Zillig hängte sich das Gewehr um die Schulter, Schulze nickte mit dem Kopf. Beide schwiegen.
Nach einer Weile sagte Zillig: "Muß man sie präparieren?" "Die Büchse?"
"Die Losung", sagte Zillig. "Die Muffellosung."
"Nachher muß sie noch ein bißchen in der Sonne trocknen", sagte Schulze. "Das ist alles." Er ging weiter, das Taschentuch trug er an den Zipfeln vor sich her.
Muffelscheiße, dachte Zillig und lachte leise über den Ausdruck. Muffelscheiße!
"Schüsseltreiben!" rief Schulze, als sie vor der Tür seiner Jagdhütte standen. Das Ritual blieb sich immer gleich. Schulze lud Zillig zu einer Erbsensuppe ein. "Aber zuvor noch eine kleine Prüfung?"
Zillig hatte Schulze im Laufschritt eingeholt. "Ja", sagte er schnaufend. Das Gewehr an seiner Seite wippte.

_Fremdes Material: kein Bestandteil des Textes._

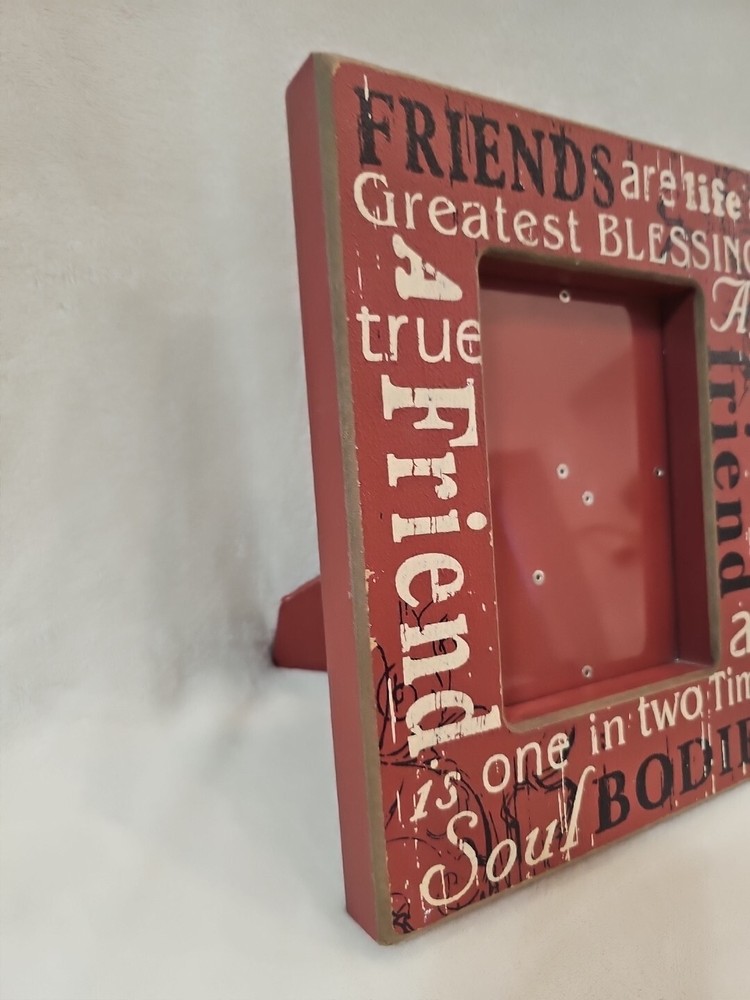 Showcase your cherished memories with this Creative Co-op HOME Red Picture Photo Frame. The rustic rectangular frame measures 9 x 12 inches and is made of sturdy wood material. Its Americana theme and farmhouse style make it perfect for any occasion and suitable for all photo sizes of 5" x 7". Display your favorite photos in this beautiful and functional frame from Creative Co-Op. Pre-owned

"Also herein", sagte Schulze.
Der Förster legte das Taschentuch mit dem Muffelkot zum Trocknen offen auf den Balkon. Dann führte er Zillig an eines seiner Exkrementarien und sah ihn prüfend an. "Und? Wie ist die Losung?"
Zillig betrachtete den dunklen Haufen. "Hund?" sagte er. Schulze schüttelte den Kopf. "Schaf?" sagte Zillig. Er mußte raten, denn die Bestimmungsmerkmale waren nicht eindeutig. "Vielleicht etwas Exotisches? Antilope? Känguruh?" "Nein", sagte Schulze. "Das hier", sagte er, wobei sein Zeigefinger bohrend auf die Scheibe drückte, "das hier", er machte eine übertrieben lange Kunstpause, "das hier ist die Krone." Und als Zillig immer noch nicht begriff: "Die Krone der Schöpfung."